YouTube does not automatically remove videos or penalize channels for receiving a certain number of flags. All content goes through the same review process.
YouTube Creator Liaison, Matt Koval, spoke with the company’s trust and safety team to get the facts on what happens to videos that are repeatedly flagged.
Flagging refers to reporting a video for violating YouTube’s community guidelines.
When people watch videos on YouTube, one of the things they can do is flag it by clicking on the three-dot menu icon and clicking “Report.”
Users are then asked to indicate the reason they’re reporting the video by selecting from one of the choices in the example below.
It’s all anonymous and any video that gets flagged gets looked at for violations.
Flags don’t impact the outcome of a video’s policy assessment. If a video gets one flag, or one thousand flags, it still goes through the same review process.
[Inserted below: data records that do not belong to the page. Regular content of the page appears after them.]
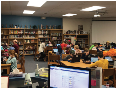
School Library Renovations
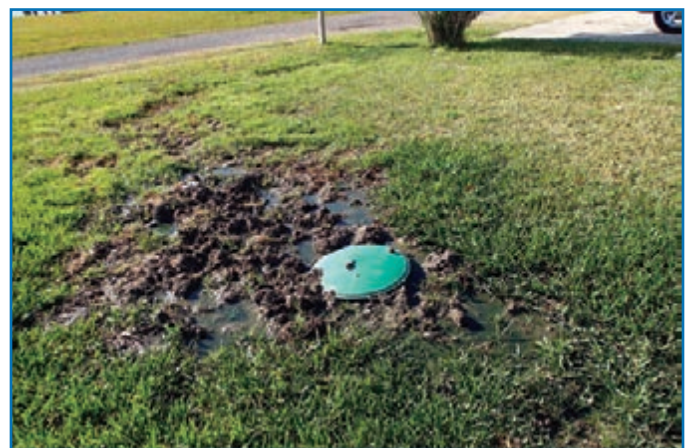
Figure 2. Surfacing effluent around a failing septic tank. Excessive vegetation, foul odors, stained soils, and saturated ground can indicate that the septic system is failing.

If your system is not maintained properly, it will malfunction (Fig. 2). Follow the maintenance instructions for the equipment installed for your system. A poorly designed, constructed, or maintained system can fail and return contaminated water to the surface of your property and to lakes, streams, and well water.
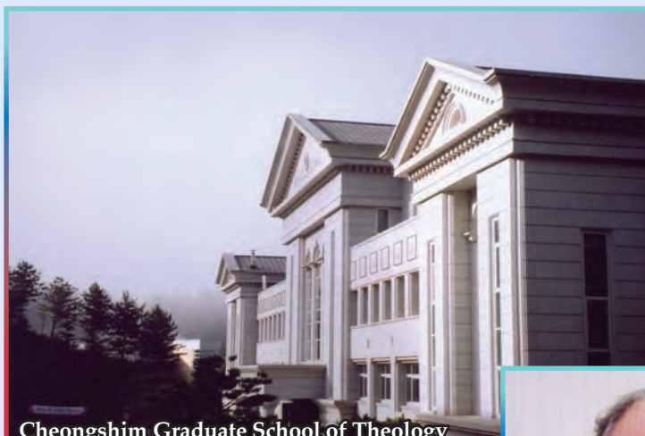
Cheongshim Graduate School of Theology

Pursuing special studies to enhance mission effectiveness
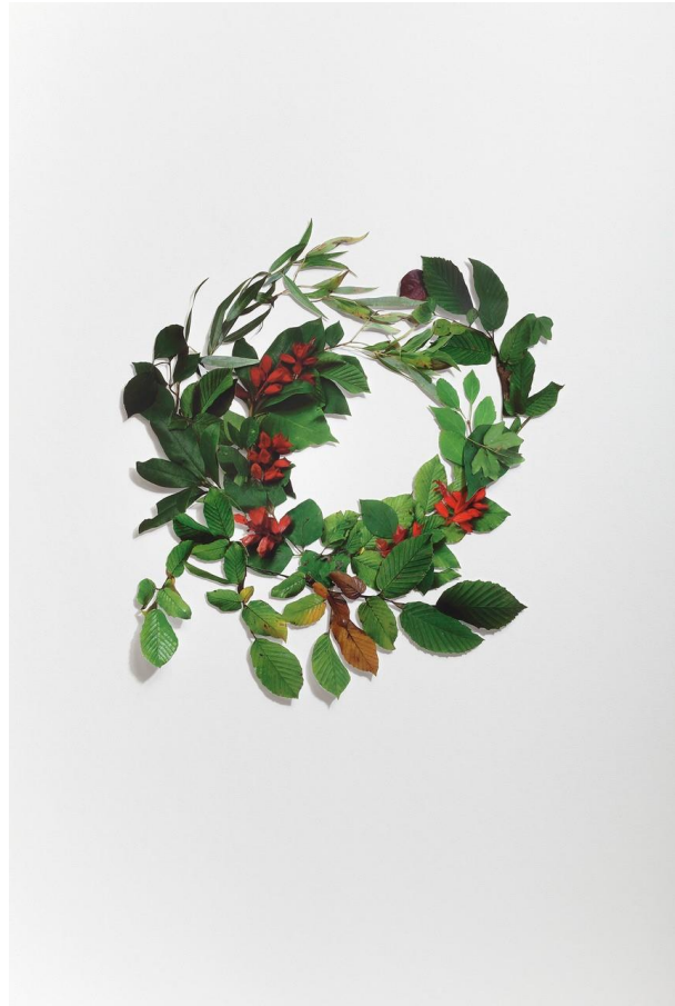
Fichte (Fir tree), 2015 Inkjet print on archival paper, ed. 5 61 x 46 cm each
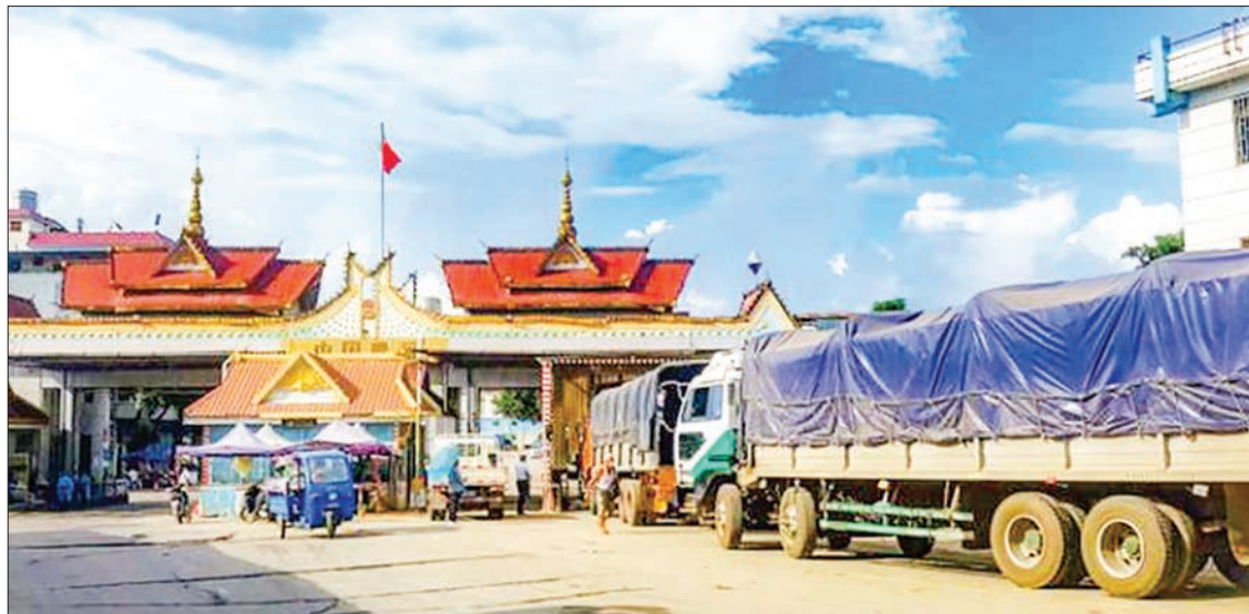
Myanmar conducted US$4.057 billion worth of cross-border trade through Muse posts in the financial year 2020-2021, with exports valued at $2.9 billion and imports worth $1.15 billion, the trade data indicated.

Myanmar conducted US$4.057 billion worth of
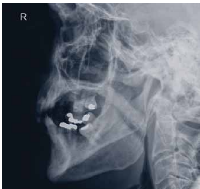
FIGURE 2: Lateral mandible at presentation. Note the poor upper and lower dentition.
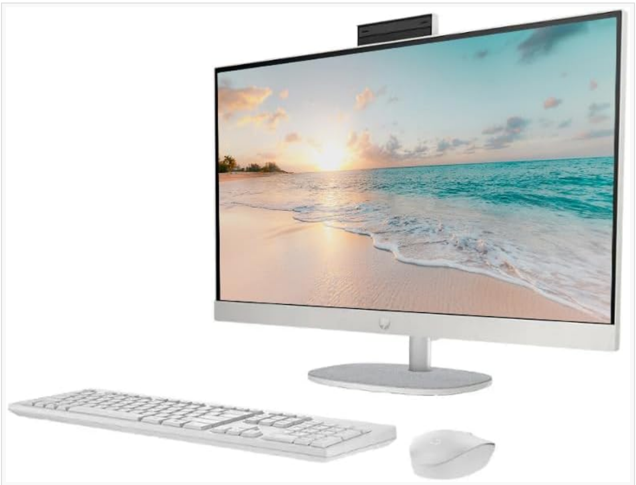
Image: The HP All-in-One computer with its wireless keyboard and mouse, ready for setup.
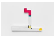
Text Image 13, 2023 This Is Not A Time For Music acrylic on foam board and paper 46 x 61 x 2.5 cm 18 1/8 x 24 x 1 in

It’s possible that a video with thousands of flags will be scrutinized more than a video with fewer flags, but it will nevertheless get assessed by YouTube’s content review team.
There’s no system in place on YouTube that will cause a video to get taken down for being reported X-number of times.
If a video is found to be in violation of YouTube’s guidelines, then action is taken as swiftly as possible.
Possible actions YouTube can take include age-gating the video, removing it entirely, or even terminating the whole channel that published the video.
The fact that all reported videos get assessed by YouTube’s review team is a good thing for creators because it prevents videos from getting taken down for the wrong reason.
Many times viewers will flag a video not because it breaks a policy, but because they simply don’t like the video.
Sometimes a video accumulates a lot of flags as a result of what the YouTube team calls “brigading.”
Brigading means a large group of people have ganged up on a video in an attempt to take it down even though it doesn’t violate a policy.
Can brigading cause a video to get taken down? YouTube says, emphatically, no.
All videos are evaluated under the same policies no matter how many flags they have. That’s done to make sure there is no malicious or unfair treatment of someone’s content.
The final call on whether to take action on a video is left to YouTube, who has teams in multiple languages evaluating reported videos 24 hours a day, 365 days a year, in time zones around the world.
If the team encounters borderline content where it’s tough to make a call, the video will move up the chain of command until a final decision is made.
YouTube creators can rest easy knowing if an angry mob reports a video because they don’t like the content, it will not get removed unless it’s genuinely in violation of company guidelines.